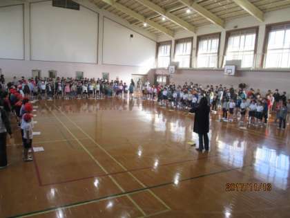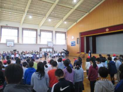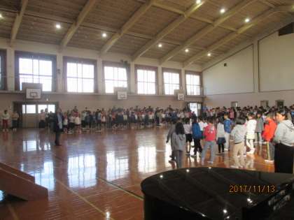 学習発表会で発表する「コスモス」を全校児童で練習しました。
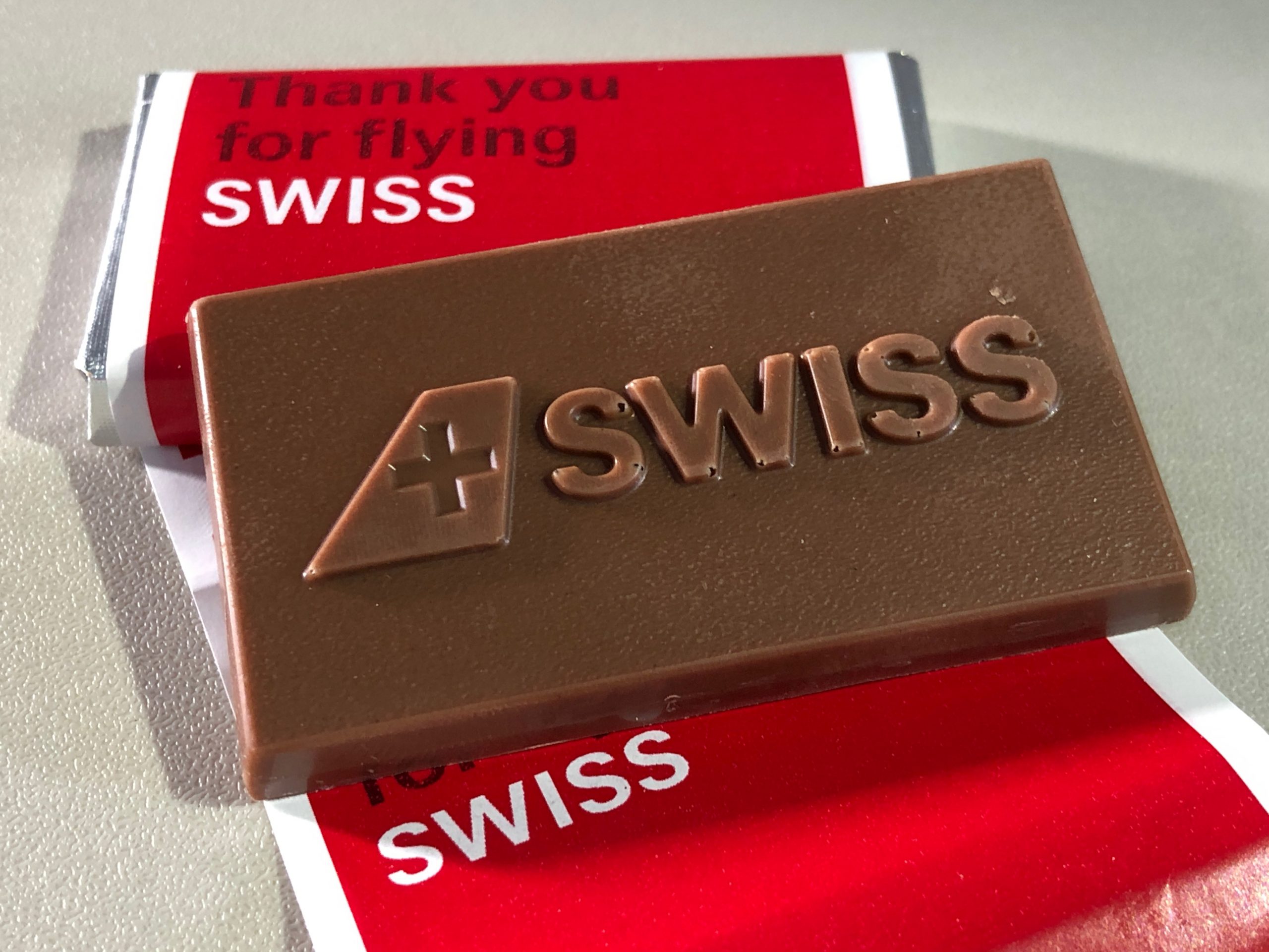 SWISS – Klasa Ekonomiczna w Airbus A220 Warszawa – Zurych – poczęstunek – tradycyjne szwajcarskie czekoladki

* * *

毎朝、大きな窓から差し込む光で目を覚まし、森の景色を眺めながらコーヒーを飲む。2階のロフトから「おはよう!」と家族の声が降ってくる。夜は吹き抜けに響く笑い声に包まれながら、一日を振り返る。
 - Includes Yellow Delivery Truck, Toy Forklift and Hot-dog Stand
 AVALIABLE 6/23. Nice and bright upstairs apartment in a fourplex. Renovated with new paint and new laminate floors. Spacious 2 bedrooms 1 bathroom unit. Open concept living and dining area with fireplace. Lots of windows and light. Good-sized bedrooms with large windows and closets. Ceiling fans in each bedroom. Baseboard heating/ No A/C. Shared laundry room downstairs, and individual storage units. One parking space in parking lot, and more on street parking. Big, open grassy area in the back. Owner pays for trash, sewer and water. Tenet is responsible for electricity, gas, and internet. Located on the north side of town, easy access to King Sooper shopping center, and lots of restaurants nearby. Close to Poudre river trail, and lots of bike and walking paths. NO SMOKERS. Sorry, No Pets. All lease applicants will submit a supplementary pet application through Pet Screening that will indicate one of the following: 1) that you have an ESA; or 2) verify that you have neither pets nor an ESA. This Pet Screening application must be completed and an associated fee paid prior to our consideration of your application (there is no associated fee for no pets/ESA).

EXERCISE BRIEF:
Range to print from the listing above: from the line with "学習発表会で発表する「コスモス」を全校児童で練習しました。" up to and including the line with "SWISS – Klasa". Please print those lines exactly, with no pictures and nothing more.

OUTPUT FOR THIS EXERCISE:
 学習発表会で発表する「コスモス」を全校児童で練習しました。
 SWISS – Klasa Ekonomiczna w Airbus A220 Warszawa – Zurych – poczęstunek – tradycyjne szwajcarskie czekoladki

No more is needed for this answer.